▶ [Data entries]:

----

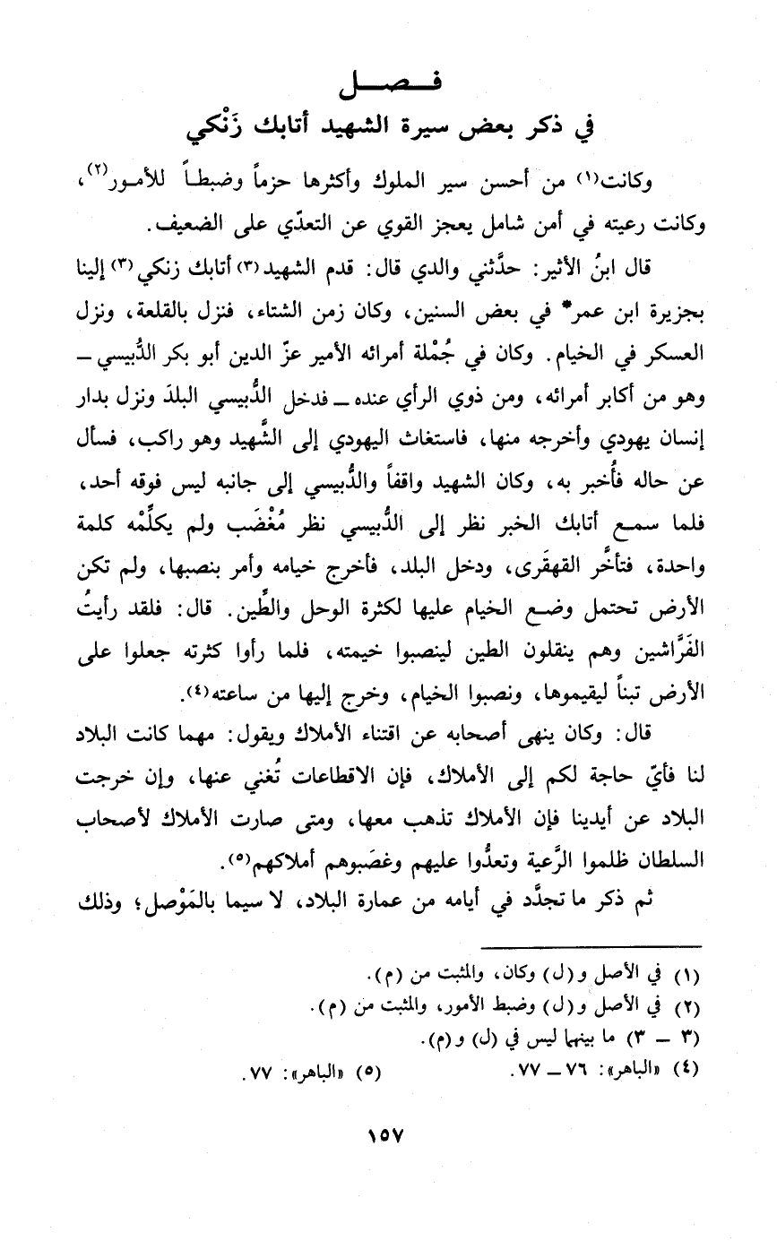 فصل فِي ذكر بعض سيرة الشَّهِيد أتابك زنكي
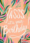 Handwritten Typography With Colourful Foliage Yasss It's Your Birthday Card
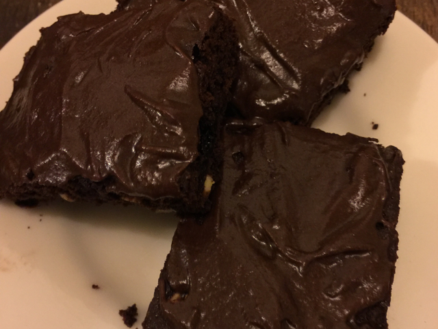 The first 3 ingredients cook over a stove on medium heat, till margarine melts. Remove from heat, add the eggs and vanilla. Then add the remaining ingredients. Stir in the walnuts. Put in a greased 8 inch squared pan, bake at 350 for 25 minutes. I make a double batch. Cocoa Glaze: Combine icing sugar, and cocoa powder. Beat in margarine, add 1-2 tbsps of boiling water to make a smooth glaze.
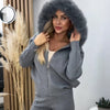 Pakket bevat: 1 * Dames hoodie met pluche kraag en ritssluiting & joggingbroek set
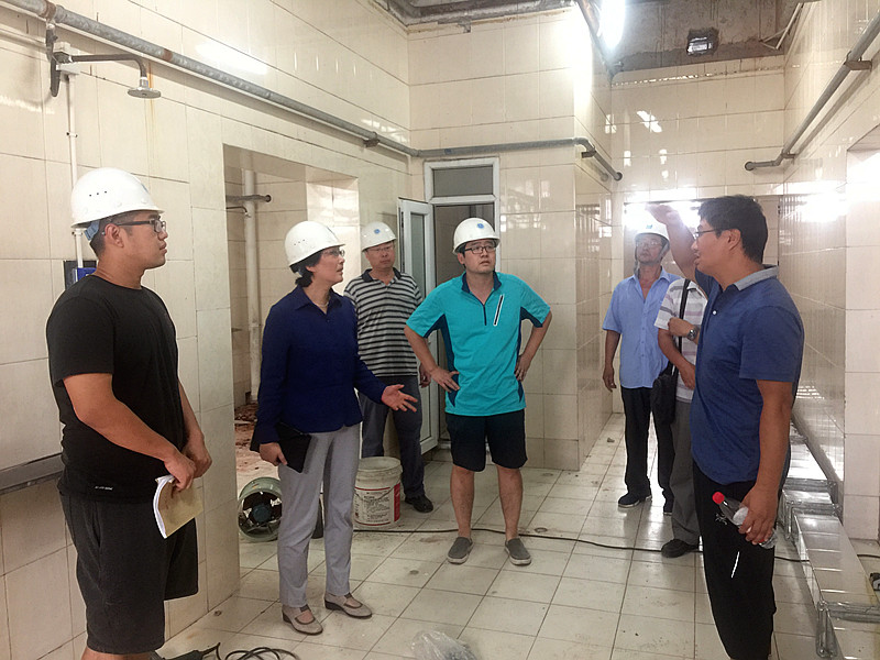 在施工工地現(xiàn)場,張耘副校長聽取了有關(guān)項目改造內(nèi)容、施工組織設(shè)計、安全生產(chǎn)管理、進度計劃等情況的匯報,就發(fā)現(xiàn)的一些問題提出意見和工作要求,并向保障我校暑期改造項目安全順利運行的設(shè)計、監(jiān)理、施工單位和一線工人表達親切的慰問。了解到在改造工程施工期間,后勤基建處要求各方配合采用科學(xué)手段進行流水作業(yè)及交叉施工,克服主材加工訂貨周期長及各專業(yè)工程工序工期不可壓縮的困難,努力做好應(yīng)對連續(xù)多次強降雨的安全防護措施。為確保改造后短時間達到教學(xué)科研的使用條件,建筑內(nèi)墻涂料均采用環(huán)保型無醛水性涂料;在公用區(qū)域及部分功能房間采用新型LED節(jié)能光源,讓建筑做到了“低能耗、高照度”;對兩棟以教學(xué)科研為功能體現(xiàn)的建筑進行水電改造,建造“樹形”增容系統(tǒng),為今后教學(xué)科研設(shè)備的添置和使用提供條件保障。
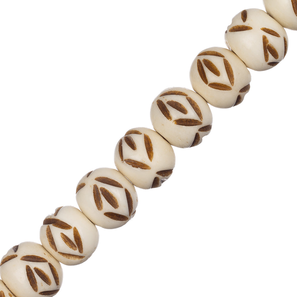Bone Carved Beads 11mm Antique Ivory 18/Strand
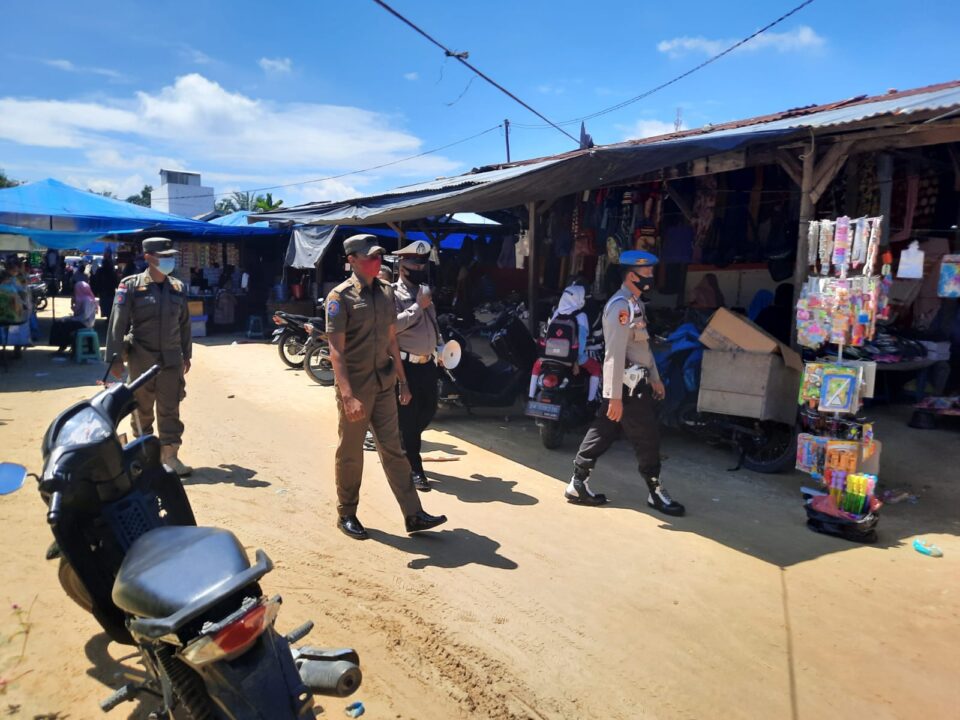 Seperti pada Jumat (8/10/2021), sejumlah personel Polsek Pangkalan Kuras, dipimpin Wapawas Ps Kanit Provost Bripka Togap Sitorus melaksanakan yustisi di pasar Mingguan Desa Sialang Indah.
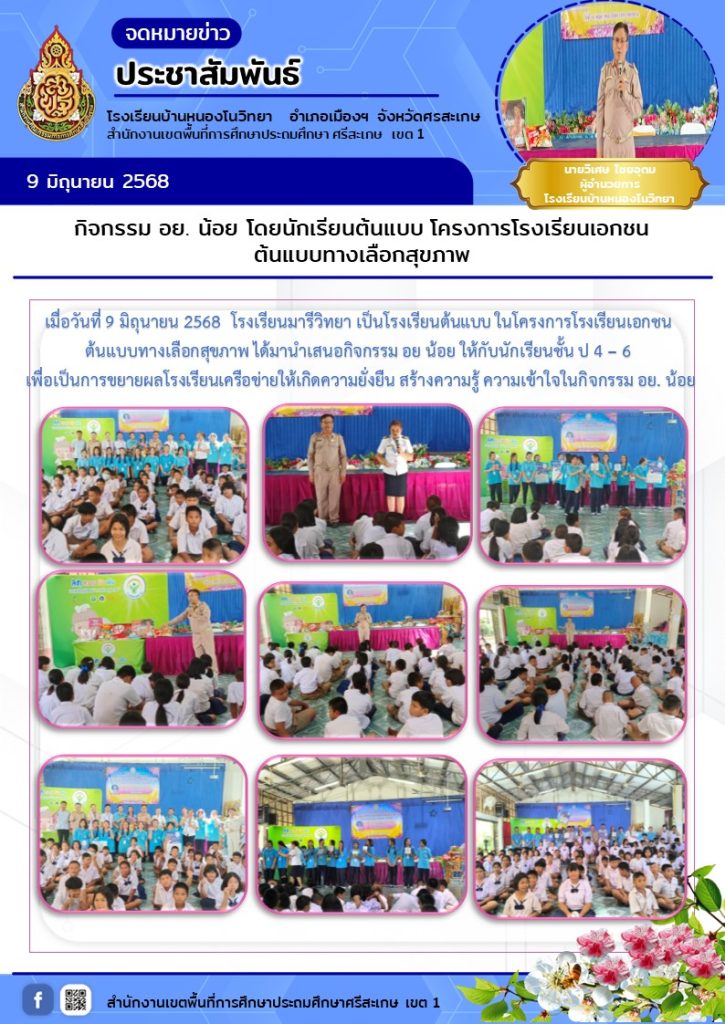 ต้นแบบทางเลือกสุขภาพ ได้มานำเสนอกิจกรรม อย น้อย ให้กับนักเรียนชั้น ป 4 – 6
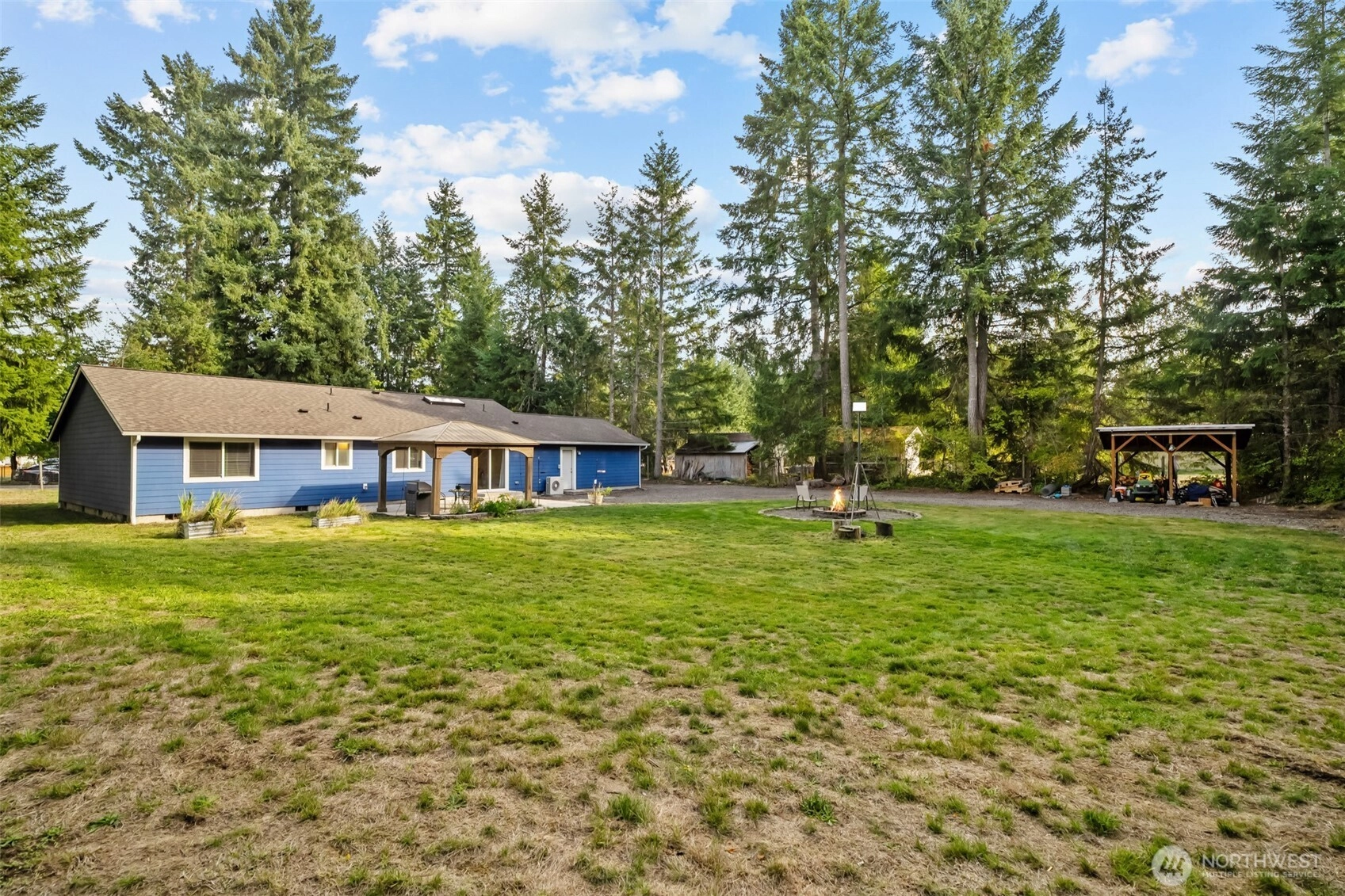 Welcome to this beautiful 1716 sq.ft. rambler built in 2018, perfectly situated on a full acre in Orting. Designed with comfort & functionality in mind, this home offers vaulted ceilings & an open floor plan. The spacious kitchen features granite countertops, stainless steel appliances, a large island with high-top bar seating & opens into a gorgeous living space with skylights for tons of natural light. The Primary Bedroom has a walk in closet & ensuite bath. Additional highlights include vinyl plank flooring, full-sized laundry room & an efficient ductless mini-split for year-round comfort. Outside enjoy ample room for serene outdoor living & entertaining with a fully fenced expansive yard, fire pit, patio, garden space & RV/Toy Parking!!
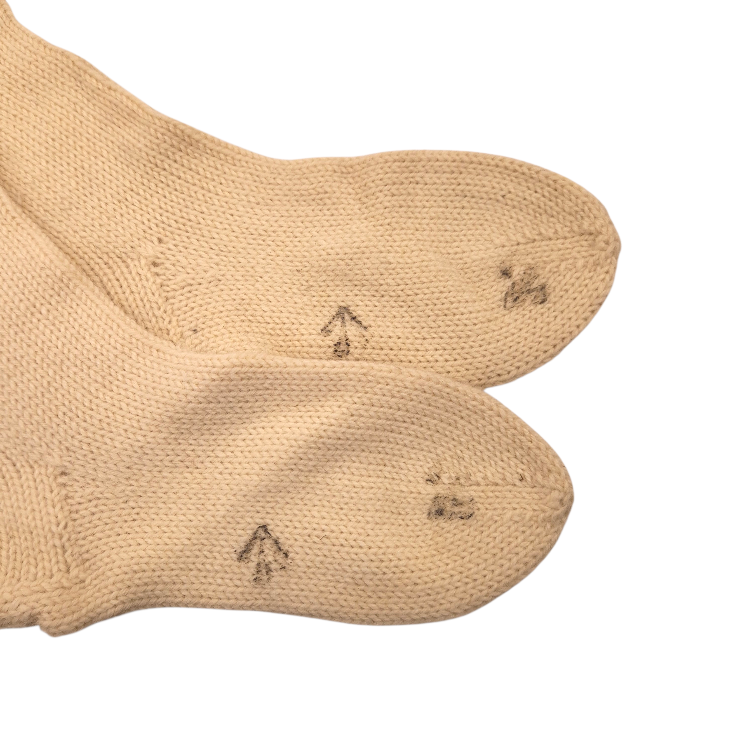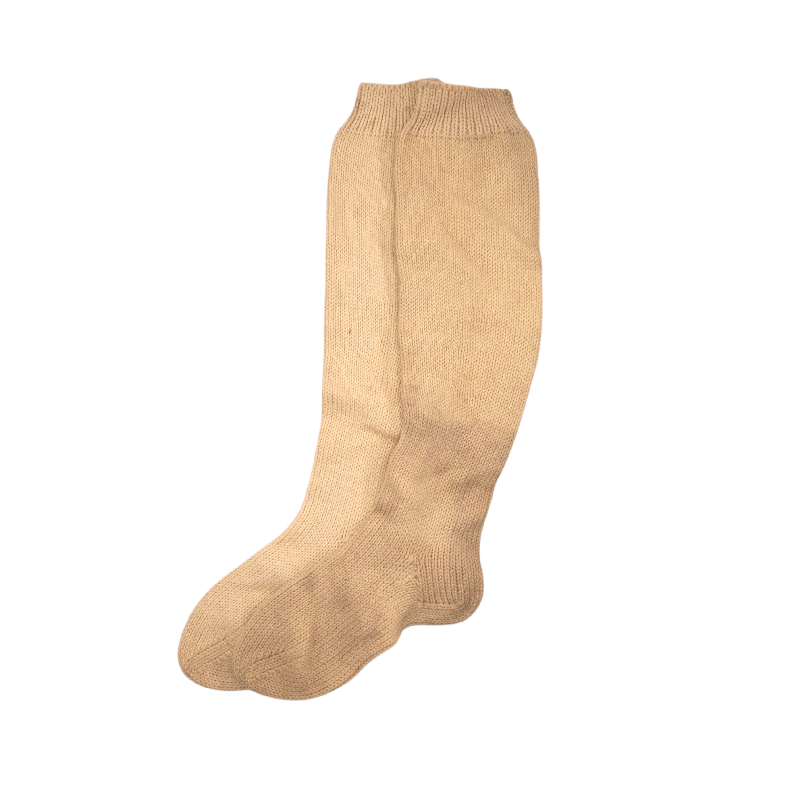 Original WWII RAF Aircrew and Dispatch Rider boot socks in a creamy white shade, worn with most flying boots and motorcycle riders. They are in excellent unused condition with only storage wear. The sock are Broad Arrow and size 2 stamped. Very hard to find!
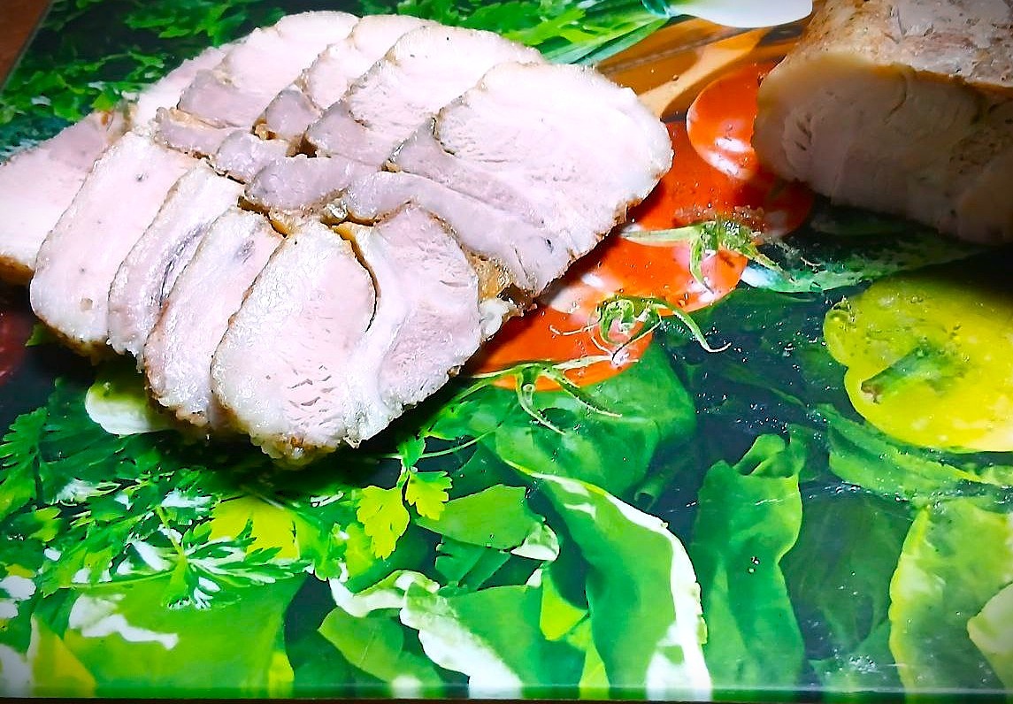 Домашняя варёно-копчёная грудинка без кожи — тёмная, сочная и пряная, такая, что вы забудете про магазинную колбасу. Сочетание плотной текстуры и насыщенного вкуса, получаемого от тщательного втирания соли и ароматных специй, делает её отличной как холодная закуска, нарезка для бутербродов или дополнение к гарнирам. Ингредиенты: ⦁ Свиная грудинка без кожи — 1–1,5 кг ⦁ Соль — достаточное количество для втирания (ориентировочно 2–3 столовые ложки) ⦁ Специи по вкусу: орегано, сушёный имбирь в порошке, сушёный чеснок (порошок), копчёная паприка (можно и другие — кориандр, чёрный перец, тмин) ⦁ Пищевая плёнка — несколько слоёв ⦁ Вода — для варки (чтобы покрыть грудинку в кастрюле) Подготовка и приготовление: 1. Подготовьте мясо: если есть лишний жир — можно оставить часть для вкуса, но кожу снимите (если не снята). Промокните грудинку бумажными полотенцами. 2. Интенсивно вотрите соль в поверхность мяса. Используйте примерно 2–3 ст. ложки соли на 1–1,5 кг мяса, распределяя равномерно. 3. Оби
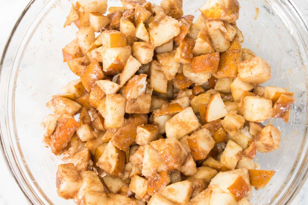 Step 1: Prep the oven and pears. Preheat your oven to 375ºF (190ºC). Lightly grease and 8X8 inch baking dish or 9-inch round pie dish. In a large bowl, combine the chopped pears.
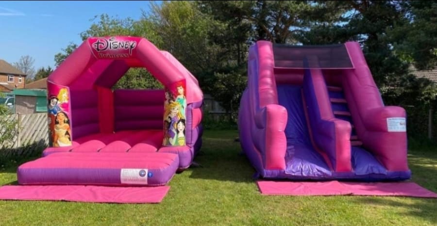 Pink Bouncy Castle & Inflatable Slide Package Hire
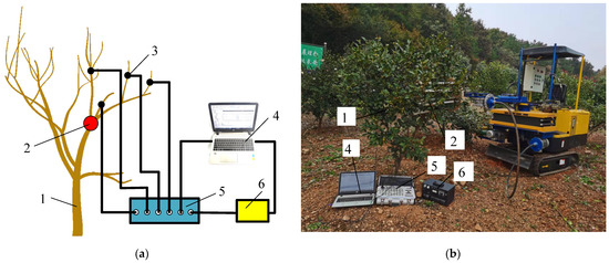 (a) Schematic diagram of data acquisition; (b) Test diagram of data acquisition. 1. Camellia oleifera tree; 2. Excitation position; 3. Acceleration sensor and strain gauge; 4. Computer; 5. Signal acquisition instrument; 6. Portable power source.
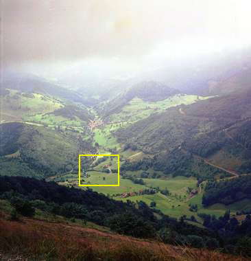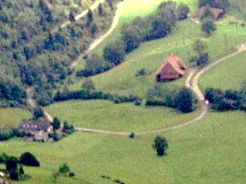 Bei meiner Scan-Aktion wurde ich misstrauisch, ob vielleicht mein Scanner falsch eingestellt ist. Klar, die Mittelformat-Fotos aus 60 Jahren reichten von der 4x4 Plastik-Kamera von Quelle für fünf Mark über die Lubitel bis zur Hasselblad mit Planar. Die schärfsten Fotos meines Lebens, das beste Filmformat (6x6 Mittelformat, nicht Kleinbild) mit meiner schärfsten herkömmlichen Kamera (einer Yashicamat 124G, und meine Entschuldigung an die Firma Zeiss, Hersteller des Planars), sahen mir plötzlich nach dem Einscannen gar nicht so dolle aus. Überprüfung und Vergleich des Negativs mit Hilfe einer 20fachen botanischen Lupe: Der Scan ist prima, wir sind nur durch die digitalen Spiegelreflexkameras und die für sie konstruierten Hochleistungsobjektive verwöhnt. Bei einem Scan @1600 dpi (dots-per-inch entsprechend 63 Linien pro Millimeter) mit 2400x2400 Pixel = 5,8 Megapixel vom Filmbild 60x60 Millimeter sind erfahrungsgemäß alle Einzelheiten damaliger Amateur-Farbfilme zu sehen. Mehr Auflösung (der Scanner kann viermal so viel) einzustellen brachte keinen Vorteil. Hier ein Gesamtbild, Aussicht vom Belchen in Richtung Schweiz, und einen Ausschnitt mit der maximalen Schärfe, die so ein Farbnegativfilm der 70er Jahre hatte:

----

▶ [What you are asked to do]: While skipping the pictures, transcribe the data above from the line showing "Pink Bouncy Castle" through the line showing "(a) Schematic diagram", exactly and with both ends.

▶ [Response below]:
 Pink Bouncy Castle & Inflatable Slide Package Hire
 (a) Schematic diagram of data acquisition; (b) Test diagram of data acquisition. 1. Camellia oleifera tree; 2. Excitation position; 3. Acceleration sensor and strain gauge; 4. Computer; 5. Signal acquisition instrument; 6. Portable power source.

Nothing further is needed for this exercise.